--- START ---

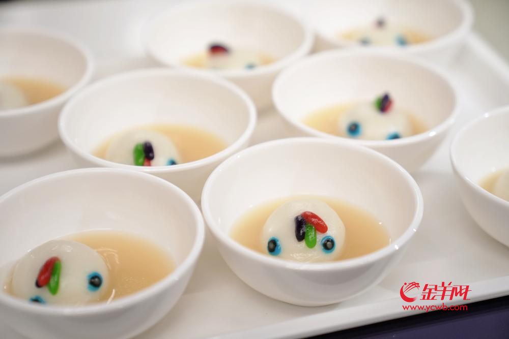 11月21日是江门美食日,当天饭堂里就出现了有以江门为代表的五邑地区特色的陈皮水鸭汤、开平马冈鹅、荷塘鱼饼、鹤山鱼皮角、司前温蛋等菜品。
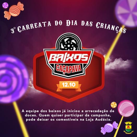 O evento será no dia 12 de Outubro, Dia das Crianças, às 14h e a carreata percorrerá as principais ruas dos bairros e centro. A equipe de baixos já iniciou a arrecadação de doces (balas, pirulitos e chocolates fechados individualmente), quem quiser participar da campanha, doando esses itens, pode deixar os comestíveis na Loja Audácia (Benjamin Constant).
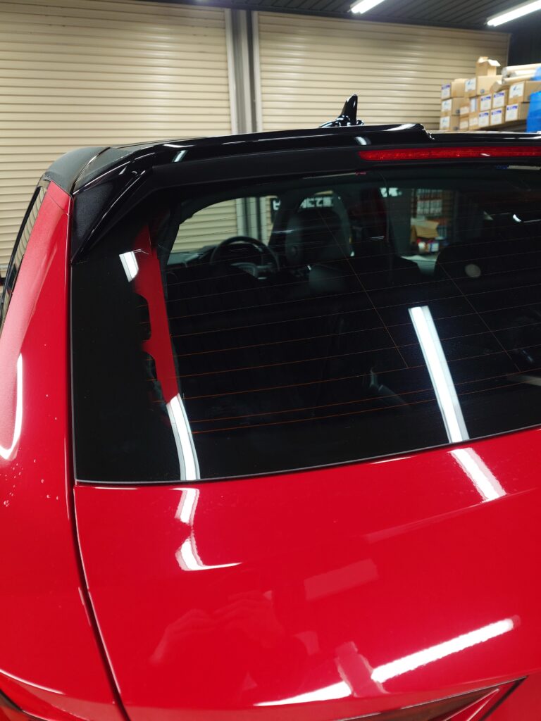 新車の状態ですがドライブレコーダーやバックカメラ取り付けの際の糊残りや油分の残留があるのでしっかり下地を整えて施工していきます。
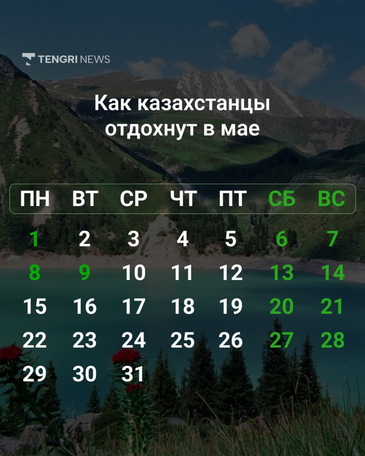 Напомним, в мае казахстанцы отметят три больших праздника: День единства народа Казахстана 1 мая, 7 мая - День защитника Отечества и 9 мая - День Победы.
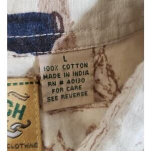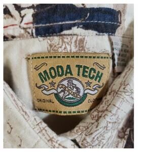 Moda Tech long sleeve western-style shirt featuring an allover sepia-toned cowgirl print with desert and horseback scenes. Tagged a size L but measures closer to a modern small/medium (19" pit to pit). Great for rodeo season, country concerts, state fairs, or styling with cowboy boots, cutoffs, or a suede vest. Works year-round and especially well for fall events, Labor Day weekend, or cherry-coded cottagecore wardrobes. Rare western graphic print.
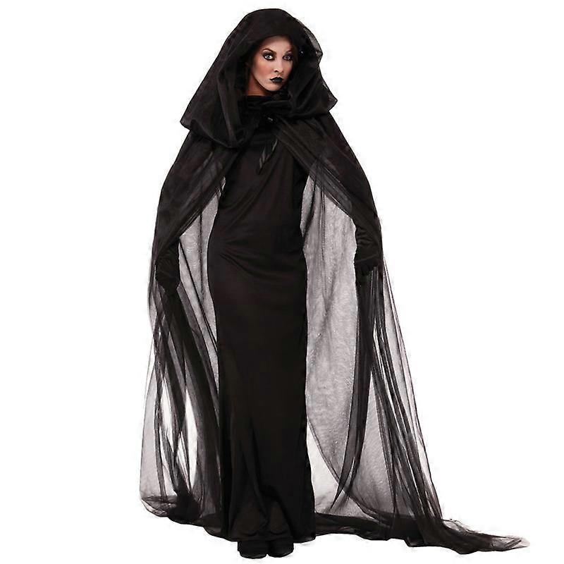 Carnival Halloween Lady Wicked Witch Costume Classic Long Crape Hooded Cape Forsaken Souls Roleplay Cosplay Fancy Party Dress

--- END ---
--- START ---

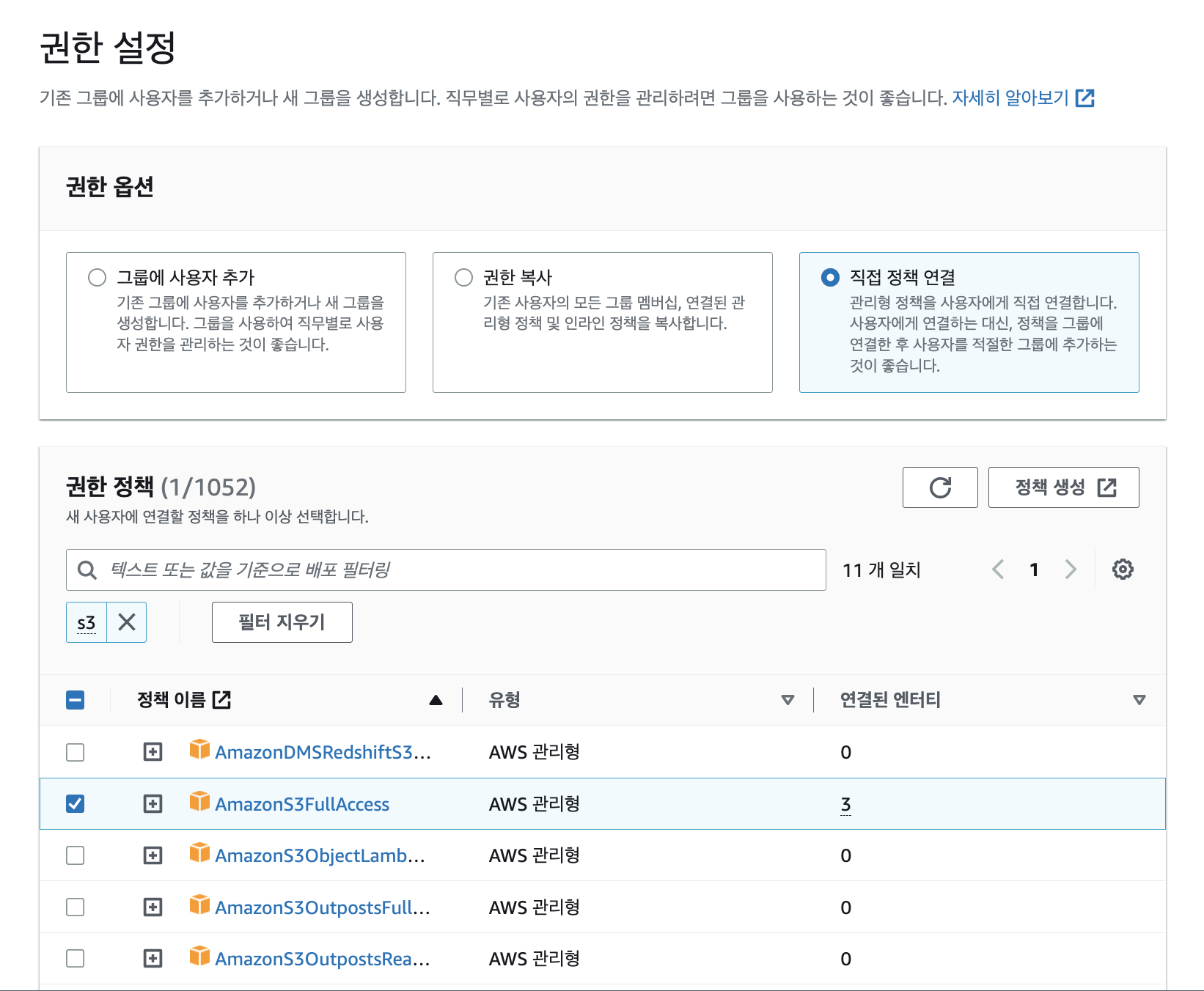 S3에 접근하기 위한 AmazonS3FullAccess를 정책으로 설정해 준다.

--- END ---

## What you have to do:
Of all the material above, only the lines from the one that has "11月21日是江门美食日,当" down to the one that has "Напомним, в мае" are to be written out, exactly and with both ends included. Pictures are skipped.

## Response to the exercise:
 11月21日是江门美食日,当天饭堂里就出现了有以江门为代表的五邑地区特色的陈皮水鸭汤、开平马冈鹅、荷塘鱼饼、鹤山鱼皮角、司前温蛋等菜品。
 O evento será no dia 12 de Outubro, Dia das Crianças, às 14h e a carreata percorrerá as principais ruas dos bairros e centro. A equipe de baixos já iniciou a arrecadação de doces (balas, pirulitos e chocolates fechados individualmente), quem quiser participar da campanha, doando esses itens, pode deixar os comestíveis na Loja Audácia (Benjamin Constant).
 新車の状態ですがドライブレコーダーやバックカメラ取り付けの際の糊残りや油分の残留があるのでしっかり下地を整えて施工していきます。
 Напомним, в мае казахстанцы отметят три больших праздника: День единства народа Казахстана 1 мая, 7 мая - День защитника Отечества и 9 мая - День Победы.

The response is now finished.